CDT gives a precise prescription of how the path integral should be computed and
how the class of virtual paths should be chosen. In addition, it provides
technical tools to extract information about the quantum geometry by the
principle of quantum superposition. The prescription is novel in two main ways:
— It is nonperturbative, in the sense that the integrated geometries can have very large curvature fluctuations at very small scales and thus be arbitrarily far away from any classical spacetime, so no particular spacetime geometry is distinguished at the outset.
— It constrains the causal structure of the integrated geometries, in contrast to previous Euclidean path integral approaches to quantum gravity.
Representing spacetime geometry in CDT
We now define the precise class of spacetime geometries, labeled by the metric
tensor g, over which we take the sum or integral. As elsewhere in quantum field
theory, unless one chooses a careful regularization for the path integral, it
will be wildly divergent and hence mathematically useless. Regularizing means
making the path integral finite by introducing certain cutoff parameters for the
contributing configurations. These parameters are later removed in a controlled
manner.
The regularized spacetimes we use are called piecewise flat geometries. Recall
that the dynamical degrees of freedom of a geometry are the ways in which it is
locally curved. Piecewise flat geometries are spaces that are flat everywhere
apart from small subspaces where curvature is said to be concentrated. This
discretizes curvature and vastly reduces the different number of ways spacetime
can be curved. We use a triangulated space called a Regge geometry. It can be
thought of as a space glued together from elementary pieces called simplexes,
which are higher-dimensional generalizations of triangles. Each simplex is flat
by definition. Local curvature only appears along lower-dimensional interfaces
when they are glued together.
This can be visualized most easily in the 2D case. Take a set of identical
little flat equilateral triangles and start gluing them pairwise together at
their edges. Points where several edges meet are called vertexes. We can make a
piece of flat space by arranging the triangles in a regular pattern so that
exactly six triangles and edges meet at each vertex. But there are many more
ways to create curved spaces by the same gluing procedure. Whenever the number
of triangles meeting at a vertex is smaller or larger than six, this vertex will
have a positive or negative curvature. By curvature we mean the intrinsic
curvature of the 2D surface that can be detected from within the surface.

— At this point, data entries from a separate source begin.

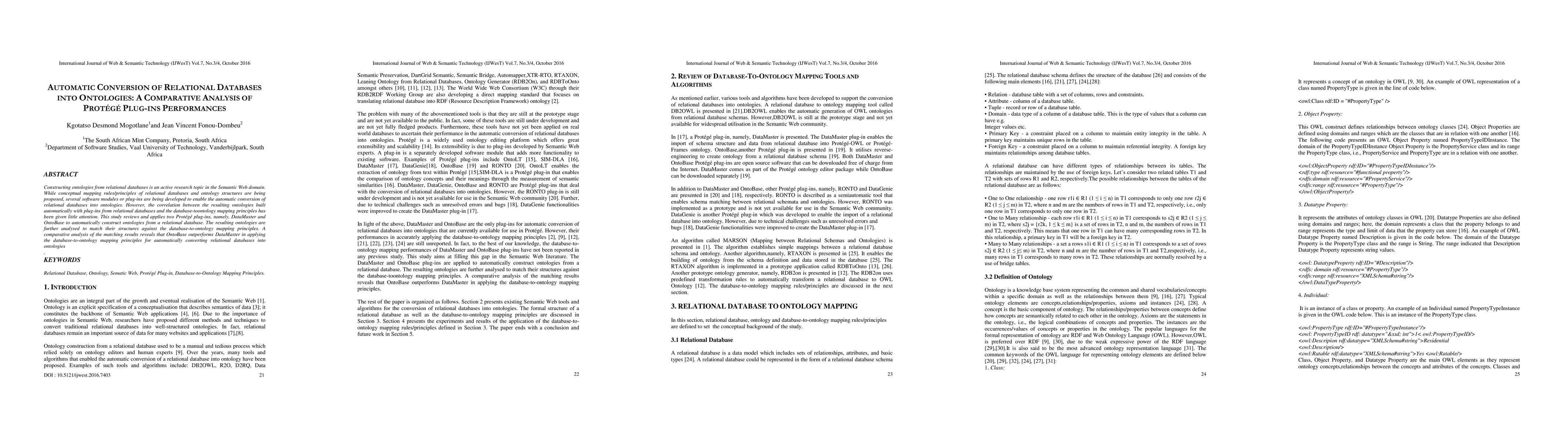 This study evaluates two Protégé plug-ins, DataMaster and OntoBase, for converting relational databases to ontologies, comparing their adherence to database-to-ontology mapping principles. OntoBase is found to better align with these principles than DataMaster.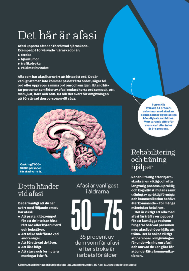 – Jag blir väldigt trött, hjärntrött. Att prata med dig nu är jobbigt för mig. Och läsa kan jag bara göra en kort stund. Sedan måste jag vila. När jag umgås med andra som har afasi är det mer avslappnat, men även då blir jag väldigt trött efteråt.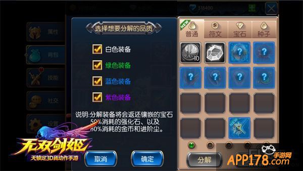 《无双剑姬》所有的装备都可以进行分解。在背包中点击装备弹出道具说明,点击说明右下方的“分解”按钮,点击确认即可分解装备。分解后装备消失,但可以获得金币,还有几率获得强化石或者完美强化石,这些是高级装备强化的必需道具。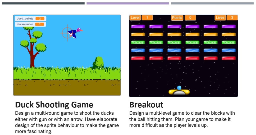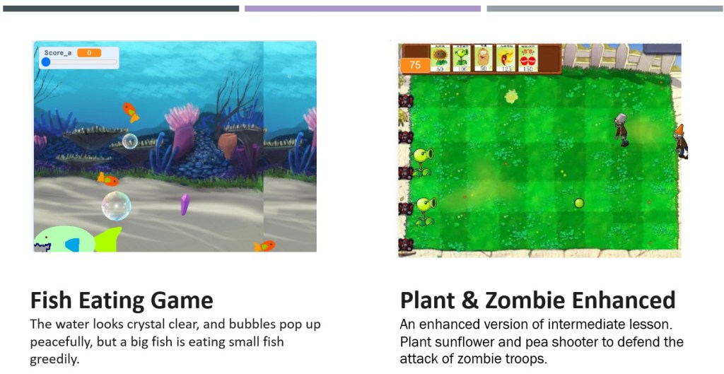 As its name says, Advanced Level courses are specifically designed for students to advance their Scratch programming skills. Students have learned Scratch programming in a systematical way and there is no problem for them to design a project independently. What they need is to sharpen their programming skills and learn how to design more advanced projects, such as scrolling platformer game, puzzle game, multi-level games, etc.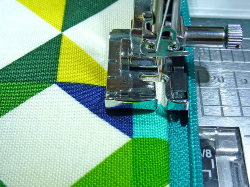 - Stitch in place through all the layers, again using a ¼” seam and moving the zipper pull as described above.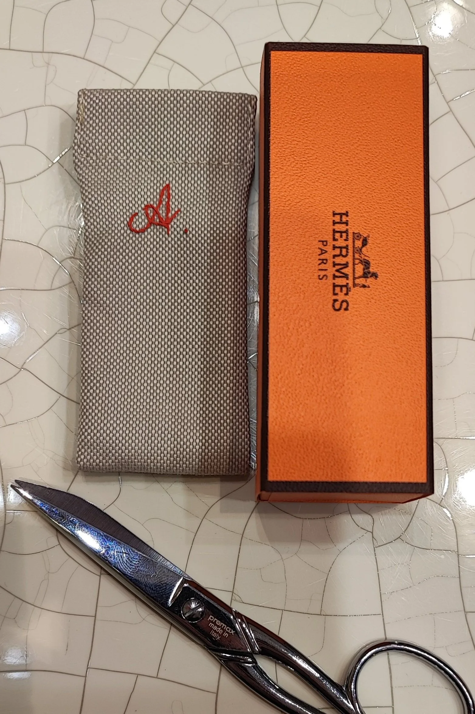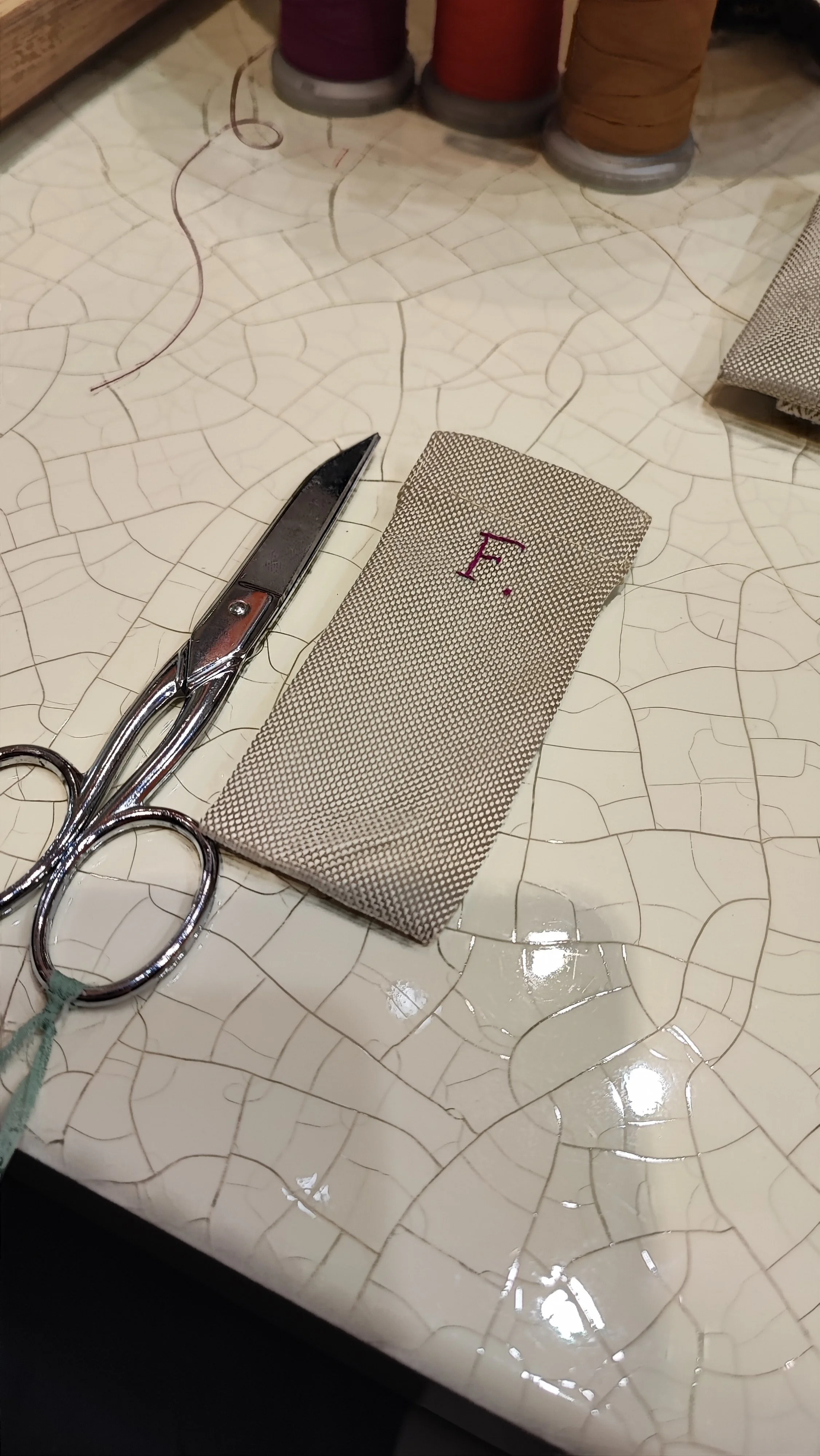 Personnalisation des pochettes Hermès cosmétiques avec les initiales brodées des clients.es.

The story in higher dimensions is the same, except that the 2D triangles (or
2-simplexes) are now other flat simplexes (3-simplexes in 3D, 4-simplexes in 4D,
and so on). Generally, the simplexes in dimension d are glued together pairwise
along their (d — 1)-dimensional faces, and their curvature is concentrated at
the (d — 2)-dimensional intersections of these faces.
The Regge calculus was originally designed to approximate smooth classical
spacetimes by such piecewise flat, triangulated spaces. This is a useful way of
describing a spacetime for two reasons:
— We can characterize a finite piece of spacetime completely by the geodesic invariant edge length of the simplexes and the way they are glued together.
— Because we need no coordinate system for the simplexes, this formulation avoids the redundant coordinates of Einstein gravity described in terms of field variables g(x).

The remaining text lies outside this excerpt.